Breast Cancer
Affiliate
Alejandro Lopez
Queensland scientists have found vital clues suggesting how breast cancer cells evade recognition by the immune system and are able to progress into life threatening tumours. This discovery has the potential to result in a new treatment for breast cancer, a disease affecting one in 12 Australian women.
Scientists at The Queensland Institute of Medical Research (QIMR) have been studying Dendritic Cells (DC), which play a crucial role in the immune system by constantly seeking out those cells that have been invaded by pathogens or are undergoing pre-cancerous changes. DCs instruct the body’s defences to destroy cells infected with viruses and bacteria – the same defences that kill tumours.
Early detection of abnormal cells by DCs allow the immune system to eliminate pre-cancerous cells before they develop into a cancer. Based at QIMR’s Clive Berghofer Cancer Research Centre, Associate Professor Alejandro Lopez and his colleagues discovered – by studying patients with breast cancer – that tumours can cause the death of DCs. Their results were recently presented in a highly accessed publication of the journal Breast Cancer Research.
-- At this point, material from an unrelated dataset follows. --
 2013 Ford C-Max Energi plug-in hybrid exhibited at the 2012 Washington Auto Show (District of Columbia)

“Compared to healthy women, we found that patients with breast cancer demonstrated a higher percentage of dying DCs,” said Associate Professor Lopez. “This means that the body is unable to effectively suppress tumour progression because the DCs die before they can trigger an immune response.”
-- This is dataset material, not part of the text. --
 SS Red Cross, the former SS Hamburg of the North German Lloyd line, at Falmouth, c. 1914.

A further study showed a molecule naturally produced by the body (CD40L) can protect DCs from dying prematurely and may enhance the effectiveness of immunotherapy. (CD40L belongs to a group of proteins produced by white blood cells that act as chemical messengers between cells – they also have the ability to modulate the activity of immune cells such as DCs).
These findings give a better understanding of the complexities behind breast cancer development and will be instrumental in adding this disease to the experimental DC-based immunotherapy treatment, currently being trialled by QIMR and its collaborators on melanoma, prostate cancer and brain tumours.
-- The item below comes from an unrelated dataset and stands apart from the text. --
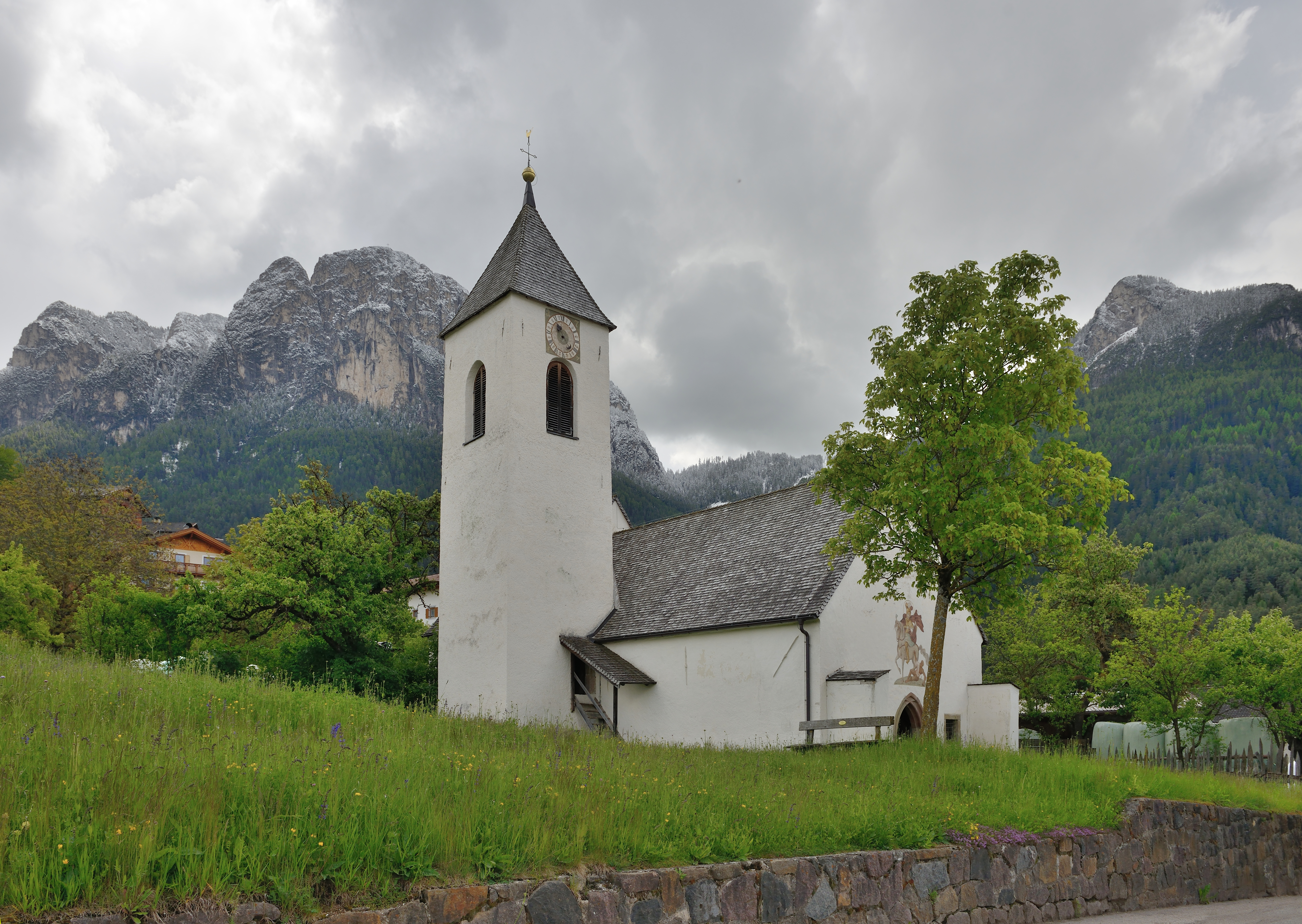 Saint Martin church in Völs am Schlern

Immunotherapy uses DCs to teach the immune system to target and kill only cancer cells, with little to no negative side effects, unlike chemotherapy and radiotherapy. These trials began at QIMR in 1996 with patients with stage 4 melanoma, in whom cancers had progressed beyond a treatable state and immunotherapy was their only hope. These treatments have been shown to be effective in around 10% of the stage 4 patients treated.
Breast cancer is the most common cancer occurring in Australian females and results in 2,500 deaths each year. Increased funding will provide the resources to advance this immunotherapy to make it applicable for patients with breast cancer, in the future.